4. Place cutlets on a baking sheet lined with parchment paper.
5. Drizzle with olive oil and season with salt and pepper to taste.
6. Bake for 20-25 minutes or until cooked through.
7. Garnish with chopped fresh parsley or chives, if desired.
Cooking Time: 20-25 minutes
Quinoa Palak Paneer

Quinoa Palak Paneer is a flavorful and nutritious Indian-inspired dish that combines the nutty goodness of quinoa with the creamy richness of spinach and paneer (Indian cheese). This recipe is perfect for a quick weeknight dinner or a special occasion.
Ingredients:
– 1 cup quinoa, rinsed and drained
– 2 cups water or vegetable broth
– 2 tablespoons olive oil
– 1 small onion, chopped
– 2 cloves garlic, minced
– 1 teaspoon ground cumin
– 1/2 teaspoon ground coriander
– 1/4 teaspoon turmeric powder
– 1 cup paneer (Indian cheese), cut into small cubes
– 1 cup fresh spinach leaves
– Salt, to taste
– Fresh cilantro, for garnish
Instructions:
1. Cook quinoa according to package instructions using water or broth.
2. Heat oil in a pan over medium heat. Add onion and garlic; sauté until softened.
3. Add cumin, coriander, and turmeric powder; cook for 1 minute.
4. Add paneer cubes and spinach leaves; stir well.
5. Combine cooked quinoa with the spinach mixture.

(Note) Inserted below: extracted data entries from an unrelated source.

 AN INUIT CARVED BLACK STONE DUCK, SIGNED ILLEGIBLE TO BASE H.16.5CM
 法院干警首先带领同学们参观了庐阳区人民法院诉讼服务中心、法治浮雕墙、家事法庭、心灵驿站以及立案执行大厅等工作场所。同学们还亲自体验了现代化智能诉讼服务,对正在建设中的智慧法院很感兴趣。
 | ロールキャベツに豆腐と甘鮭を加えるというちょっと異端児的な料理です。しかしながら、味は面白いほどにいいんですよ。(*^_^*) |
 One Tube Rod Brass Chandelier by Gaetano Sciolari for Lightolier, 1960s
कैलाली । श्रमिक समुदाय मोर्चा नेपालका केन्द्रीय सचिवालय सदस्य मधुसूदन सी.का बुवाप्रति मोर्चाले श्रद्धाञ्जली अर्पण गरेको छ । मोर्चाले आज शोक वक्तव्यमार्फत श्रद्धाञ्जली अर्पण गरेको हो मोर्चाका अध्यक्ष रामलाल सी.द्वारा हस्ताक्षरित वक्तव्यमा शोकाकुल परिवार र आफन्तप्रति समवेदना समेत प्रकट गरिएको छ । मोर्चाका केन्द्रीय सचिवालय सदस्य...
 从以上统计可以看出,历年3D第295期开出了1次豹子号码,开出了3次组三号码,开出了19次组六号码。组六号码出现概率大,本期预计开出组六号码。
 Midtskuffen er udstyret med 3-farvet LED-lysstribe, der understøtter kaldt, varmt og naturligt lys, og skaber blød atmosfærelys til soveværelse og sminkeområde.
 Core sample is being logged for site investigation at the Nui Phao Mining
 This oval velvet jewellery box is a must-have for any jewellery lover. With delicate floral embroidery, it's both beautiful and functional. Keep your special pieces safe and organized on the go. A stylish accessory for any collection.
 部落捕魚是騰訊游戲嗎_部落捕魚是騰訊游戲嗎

6. Season with salt to taste.
7. Garnish with fresh cilantro.
Cooking Time: 25 minutes
Quinoa Mango Curry

This vibrant Quinoa Mango Curry is a flavorful fusion of Indian and tropical flavors, perfect for a quick weeknight dinner or a special occasion. The combination of quinoa, mango, and aromatic spices creates a deliciously complex flavor profile that’s sure to impress.
Ingredients:
– 1 cup quinoa
– 2 cups water
– 1 can coconut milk
– 1 ripe mango, diced
– 1 onion, finely chopped
– 2 cloves garlic, minced
– 1 tablespoon curry powder
– 1 teaspoon ground cumin
– Salt and pepper to taste
– Fresh cilantro leaves for garnish (optional)
Instructions:
1. Rinse quinoa and cook according to package instructions using 2 cups of water.

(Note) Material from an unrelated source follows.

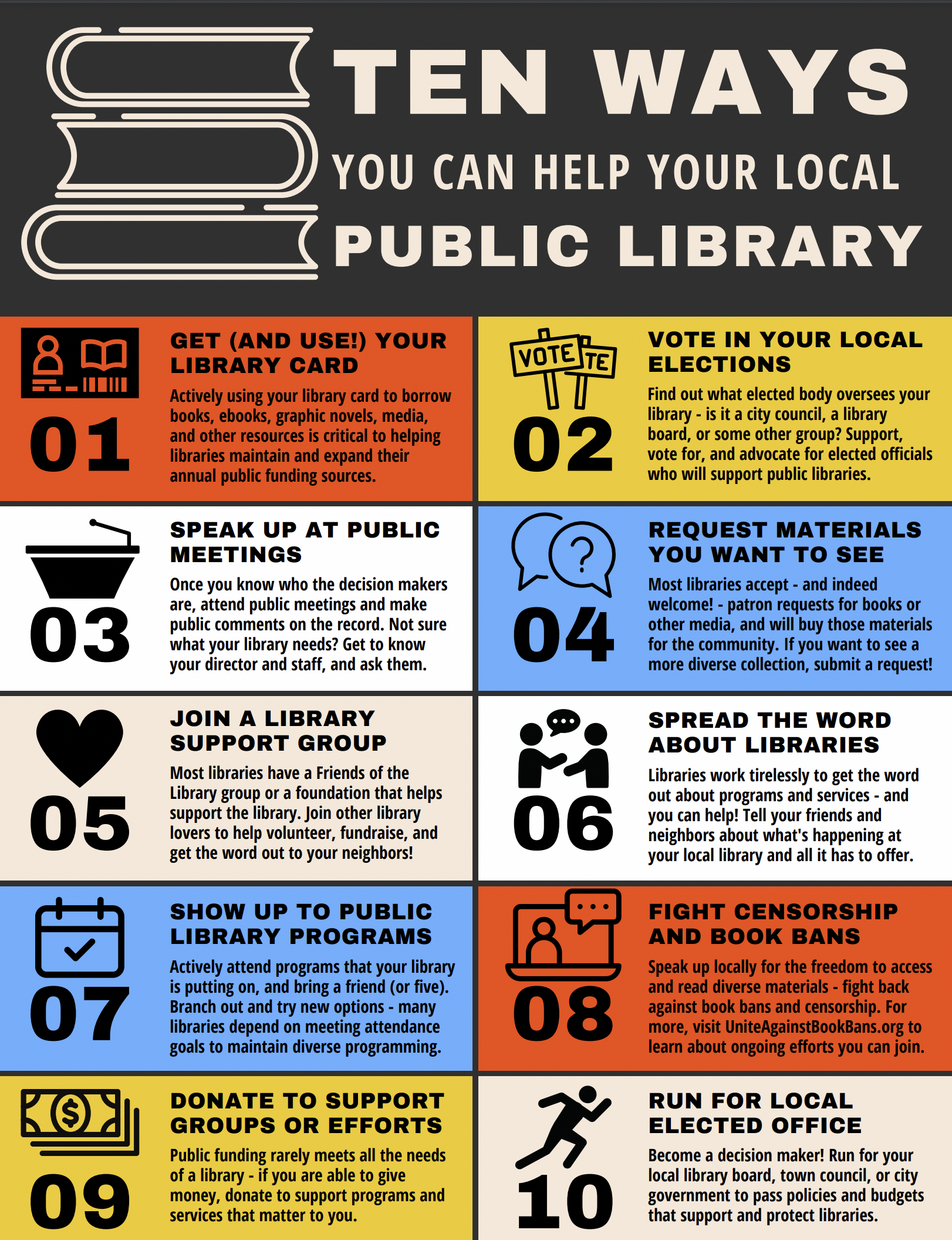 - Make sure everyone in your life knows how important the library is to you so that when local ballot measures come up for library funding (did you know that NINETY PERCENT of library funding happens at the LOCAL level?), your community knows that a vote to increase library funding is good for everyone.

2. In a large pan, heat coconut milk over medium heat. Add onion, garlic, curry powder, and cumin. Cook until onion is translucent.
3. Stir in cooked quinoa and diced mango. Season with salt and pepper to taste.
4. Simmer for 5-7 minutes or until flavors have melded together.
5. Garnish with fresh cilantro leaves (if desired) and serve over basmati rice or naan bread.
Cooking Time: 20-25 minutes
Summary
Discover the flavorful world of Indian quinoa recipes with these 18 mouth-watering dishes. From spicy pulao to creamy kheer, these quinoa-based creations will transport your taste buds to the vibrant streets of India. Try making Spicy Indian Quinoa Pulao for a bold and aromatic meal, or indulge in Quinoa Dosa with Coconut Chutney for a crispy and flavorful snack. With a range of recipes from vegetarian options like Quinoa Vegetable Poha to innovative desserts like Quinoa Coconut Ladoo, there’s something for everyone. Explore the world of Indian quinoa cuisine today!